Perumal Murugan while talking about the book and the experiences that affected him says, it wasn’t an easy task to put the book together. People were hesitant to talk openly about caste and how it played out in their lives. But when they spoke about it eventually their worst fears came true. Some of them lost friends and relative severed ties with them. However, there were also good things that came out of it. When a friend from the upper caste wrote about how he could not bring his friends home because his family was against it and how small he felt about it, their friendship only got stronger. Some of them could take off their chest, the pain, humiliation and guilt that they had carried forever, by writing about it.
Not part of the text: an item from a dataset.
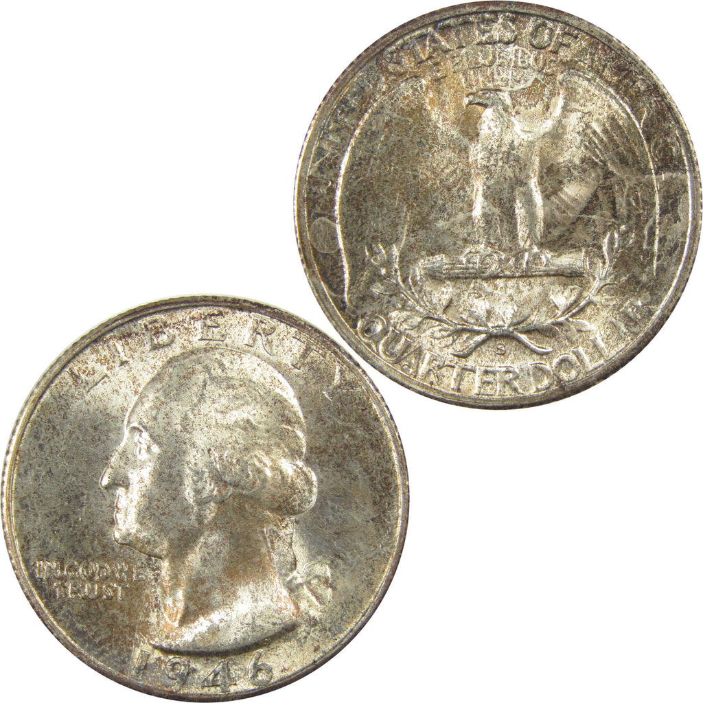 A genuine 1946 S Washington Silver Quarter Coin, in Uncirculated Mint State Condition. Contains 90% Silver
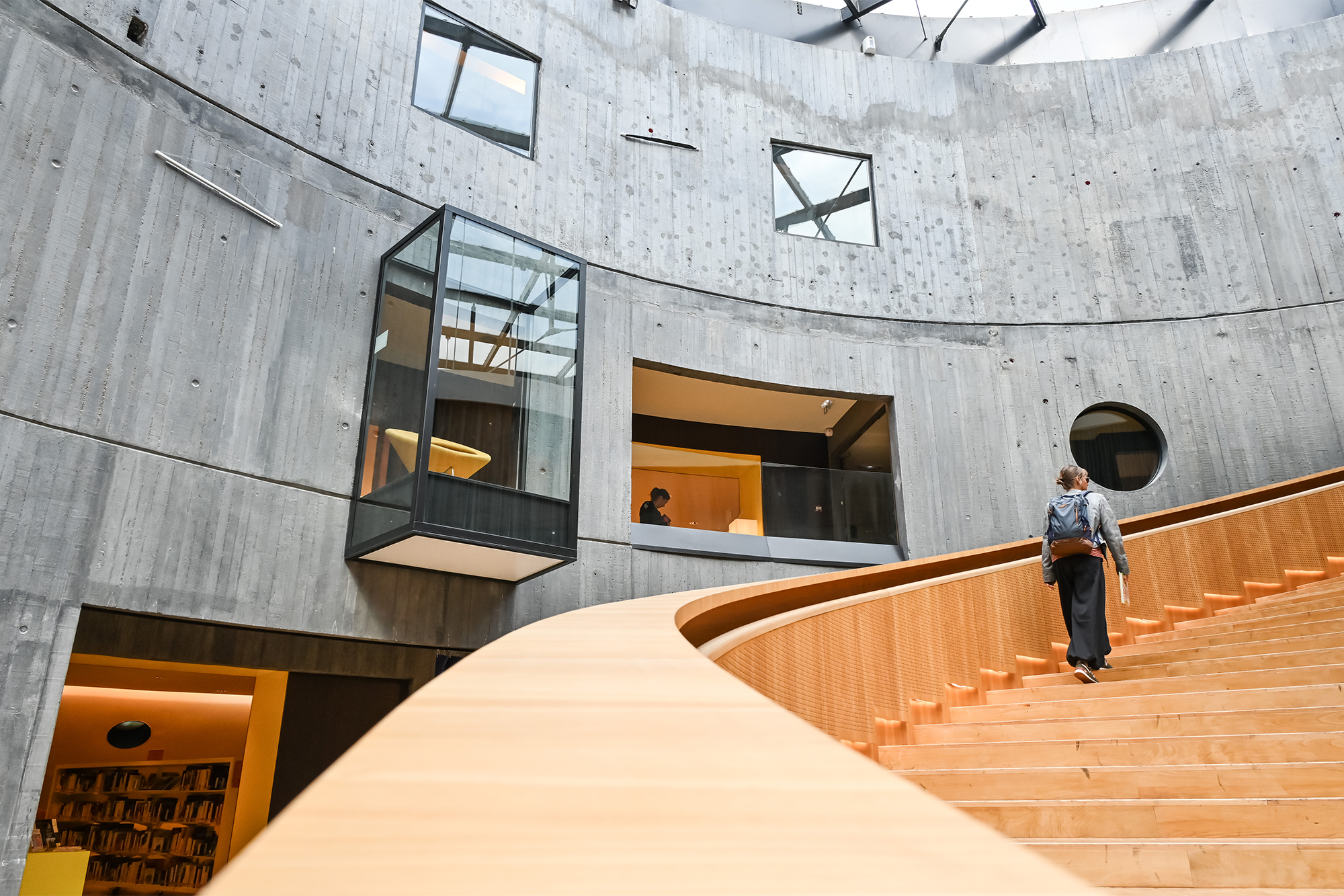 Tant par son extérieur, dont les courbes blanches dessinées par Niemeyer viennent contraster les structures rectilignes de l'architecture Perret, qu'à travers son intérieur, où le béton brut dialogue avec le bois de châtaigner aux notes chaleureuses, la bibliothèque se veut un lieu unique qui dénote pour mieux s'intégrer.

Perumal also talks about two essays that he wrote when his mother passed away. In one of the essays, he talks about his relationship with his mother and how she herself was a casteist. His mother did not approve of his marriage initially since it was an inter-caste marriage but did come to love her daughter in law later. But what shocked him the most was that even when her memory was slipping due to Parkinson’s disease she did not approve of the Dalit girl who was attending to her. Casteism is so deeply ingrained the blood of our people and we continue to pretend as if it does not matter. Ambai has translated these two articles into English and they were published in Sparrow.

He also remarks how even today there are different burial grounds and cemetery for different castes in the villages of Tamilnadu and how his mother insisted that he pay taxes to multiple villages to ensure she gets a burial ground. He also humorously adds that when his mother passed away it was the electric cemetery came to his rescue. When people ask him about where he has kept (buried) his mother, he continues to points to his heart.